⟨

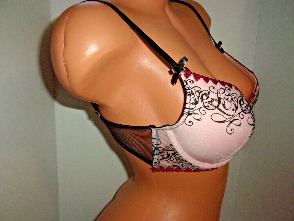 Victoria's Secret Push up Bra Pink Lace/Embroidery/Faux Leather Straps 32D
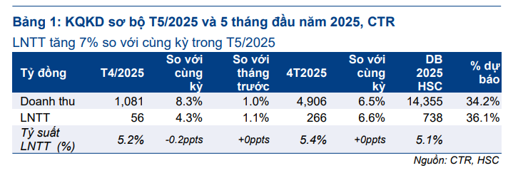 HSC (18.6.2025) duy trì khuyến nghị Mua vào và giữ nguyên giá mục tiêu 123,000đ (tiềm năng tăng giá 28%) đối với CTR. HSC lạc quan về kết quả kinh doanh 5 tháng đầu năm và kỳ vọng tiến độ lắp đặt trạm BTS sẽ tăng tốc trở lại.
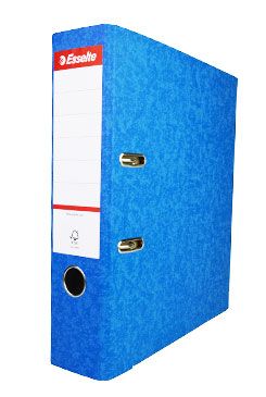 Mramorový papírový pákový pořadač s modrými deskami a hřbetem.
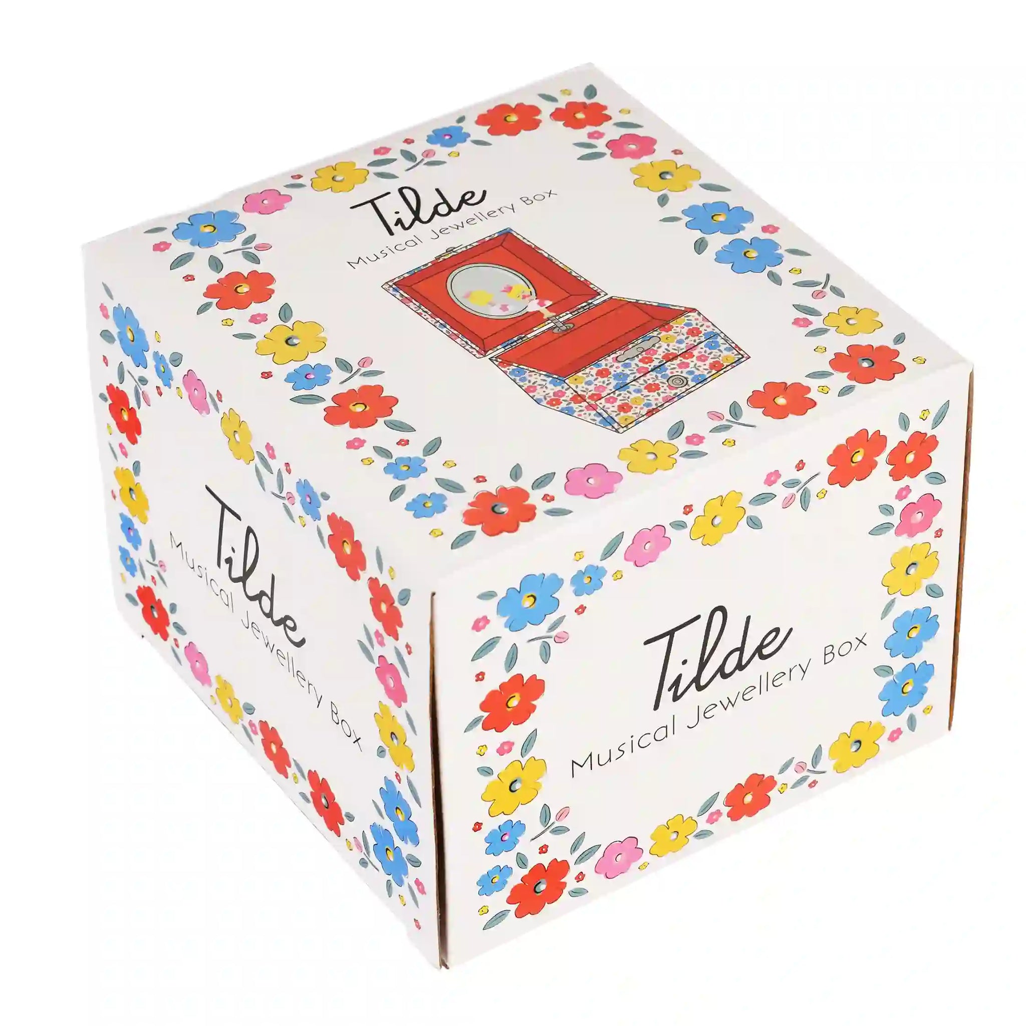 Delight little ones with this traditional jewellery box, featuring a colourful Tilde print. This children's jewellery box is ideal for storing precious keepsakes, hair accessories, jewellery and more. Simply lift the lid to reveal a twirling, musical princess.
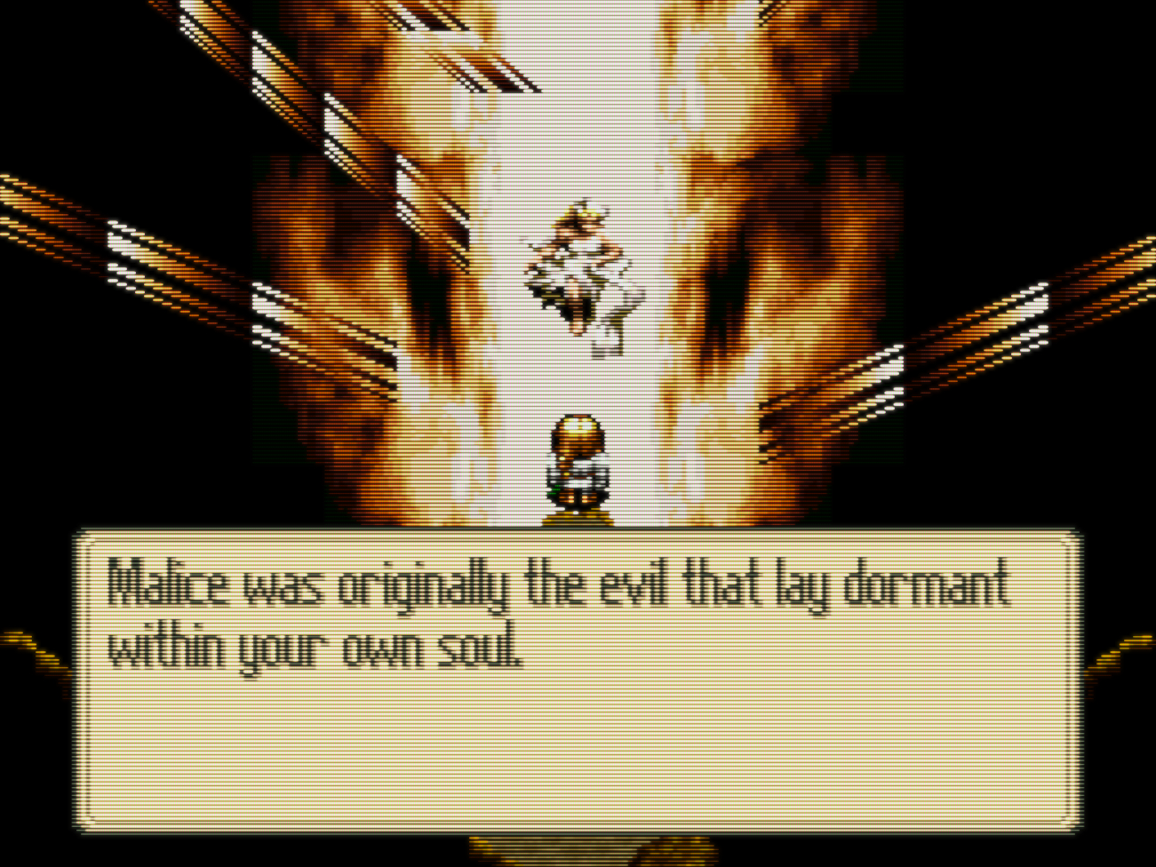 游戏的结局,有些事是没有解释清楚的,女神说世界是她创造的,malice(最终boss)把她的力量分成7份,而malice又是主角内心的邪恶,那主角到底是什么身份?为什么其他几个人在神殿都只是雕像,只有在七个世界里才能现身,但主角却能在神殿自由活动?

⟩

**Problem details**
What you return must match the lines from the top of the data through the line with "Mramorový papírový pákový" exactly, with the pictures removed.

**Response**
 Victoria's Secret Push up Bra Pink Lace/Embroidery/Faux Leather Straps 32D
 HSC (18.6.2025) duy trì khuyến nghị Mua vào và giữ nguyên giá mục tiêu 123,000đ (tiềm năng tăng giá 28%) đối với CTR. HSC lạc quan về kết quả kinh doanh 5 tháng đầu năm và kỳ vọng tiến độ lắp đặt trạm BTS sẽ tăng tốc trở lại.
 Mramorový papírový pákový pořadač s modrými deskami a hřbetem.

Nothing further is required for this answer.